Hi guys, I'm here with a random life update out of nowhere because it's a CRISIS. an identity one to be specific. I'm almost positive I'm demisexual?! and I think ive known it for a while but it took a couple of my coworkers lately for me to actually process it. anyways. bye XD
@Milkyfrizz i just now seen this, im so sorry. Ilysm ❤️❤️ thank you for saying that honestly. It's really only hard to work through bc in my head I'm supposed to love aand only think about my bf who I've been dating for 6.5 years but like I literally can't get this guy and another coworker out of my head. My bf said I can fuck anyone as long as ifs not in our shared bed which is absolutely valid as fuck but pfc the 2 people I can't stop thinking about are both taken and I'll never have the chance. After literally only a week, I've realized it's definitely not trauma bonding. We're just significantly too sexually compatible and I've never had that before bc I got some severely fucked up kinks.

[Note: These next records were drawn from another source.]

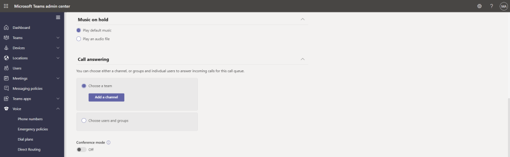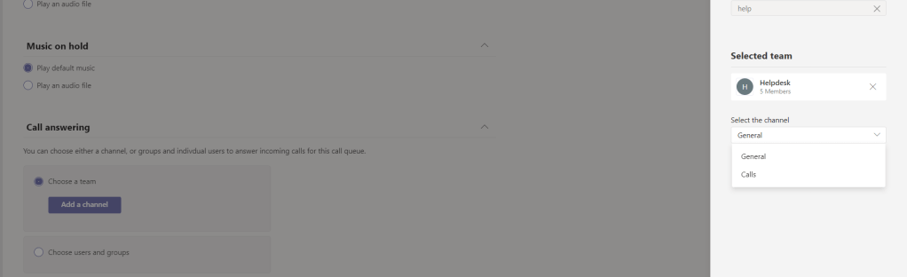 8.) We now get to the setting up collaborative calling under Call Answering. Traditionally we would choose users or a group. Now, we can choose a Team. Select Add a Channel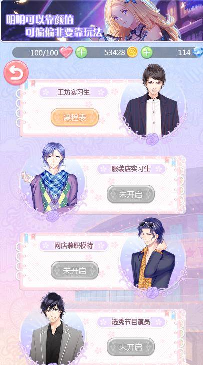最后是职业进阶,比如选秀节目演员,最后应该是可以晋升到大明星的。(估计游戏名字中的“梦”字就是指这个。)职业进阶条件大致有:金币、主线通过某个关卡、课程学习、某件服装等等(在商城购买,关卡掉落或是制作)。 在获得相应的进阶条件后就可以晋升了。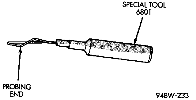 ^ Probing Tools - These tools are used for probing terminals in connectors. Select the proper size tool from Special Tool Package 6807, and insert it into the terminal being tested. Use the other end of the tool to insert the meter probe.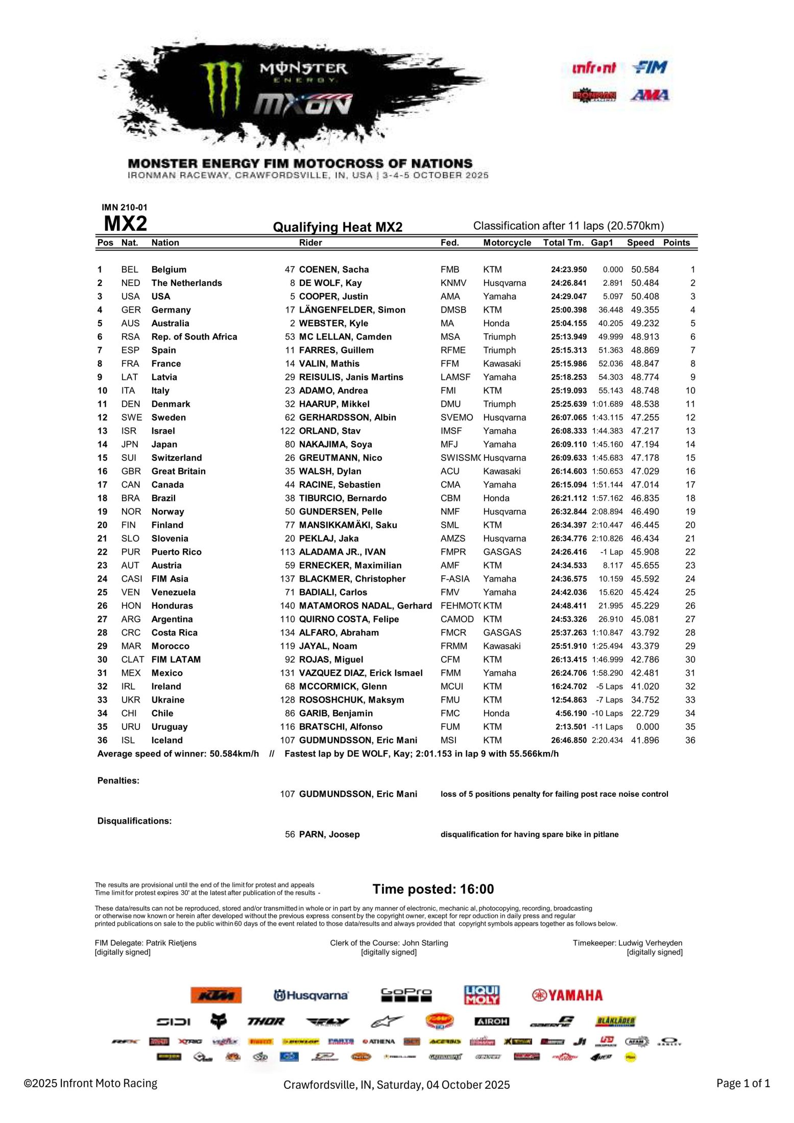 MOTOCROSS des NATIONS – USA, Ironman, le résumé vidéo des qualifications et les résultats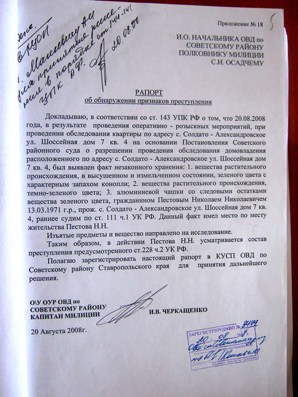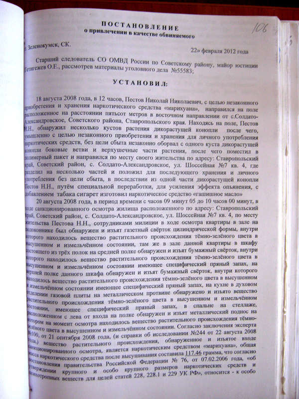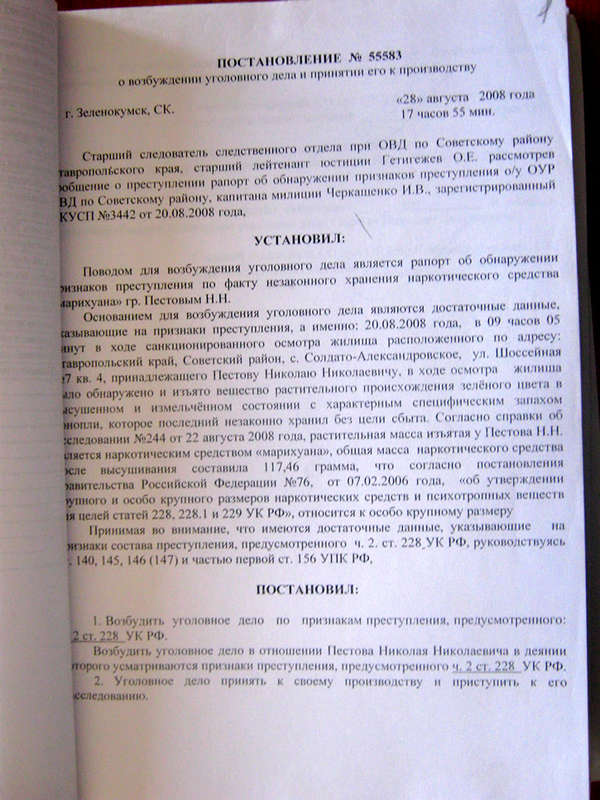 Но из материалов дела следует, что 20 августа 2008 г. оперуполномоченным Черкащенко, на основании разрешения судьи Лазько А.А. Советского районного суда Ставропольского края от 19 августа 2008 г., выданного на основании ст. 6-9 Федерального закона, было проведено с участием понятых и с составлением процессуальных документов по его результатам, обследование жилого помещения Пестова, в результате которого обнаружено и изъято 117,46 г конопли и «гашишное масло» 2.21гр. Какого-либо согласия на проникновение в жилище от Пестова Н. Н. получено не было.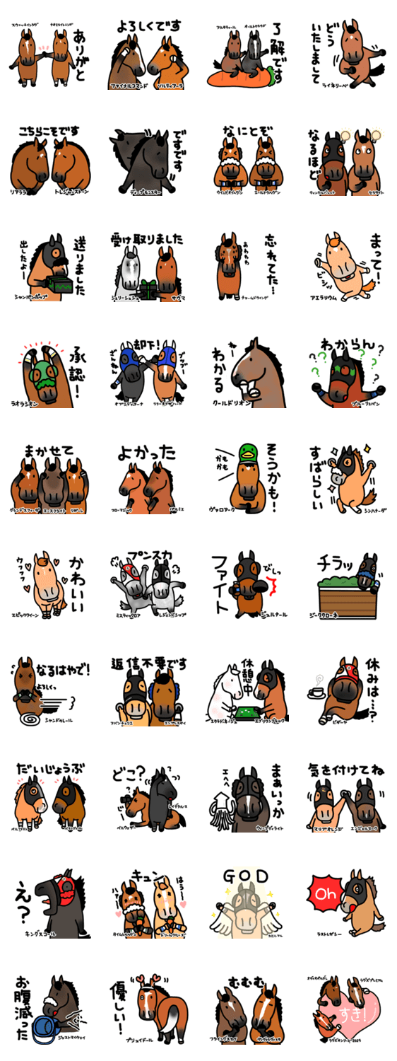 | スタンプ説明 | おがわじゅりデザイン!DMM バヌーシー所属馬のオリジナルスタンプ第4弾が登場! |

Like sl*t my throat type shit and no one has ever matched that in the 25 years I've been alive. Yet here this guy is. Literally perfect for me sexually in every single way I could ever possibly imagine.. And he isn't available. I'm just really fucking bummed I guess. I JUST NEED TO FUCK THIS GUY GODDAMNIT. It also really doesn't help that we have pretty identical political views too. Like no joke we're fucking twins. AND HES MY TYPE THAT IVE HAD THE LONGEST?! like my type in men has really changed over the years and has become really lenient. But... hot goth guy with a beard, tattoos, long hair, and rings on damn near every finger?! Fucking RAW, next question. im addicted to his attention. He plays the same fucking game i do when I want attention. I actually like I don't want attention so the other gives it first. AND HE DOES IT TOO but he gives in first bc he knows I won't. God wait a minute.. when did this turn into a rant about him... God im so lost in thought now..
@Ardef38 I completely understand having a crisis like this! Mine was finding out if I was bi or just gay. Remember that even if you identify as something now, years later you can change! It could be trauma but work through everything piece by piece and you'll get there! No matter what, we support you!
I still don't think I'm Demi, I'm just trying to convince myself that it's just trauma bonding that makes me catch feels but like? I looked up demisexuality and it pretty much hit the nail on the head. and ofc I've known that I've been poly for a while now so idk. I'm at my quarter-life crisis currently (haha love TxT) but imma just act like none of this is happy so my life doesn't get messed up yaknow?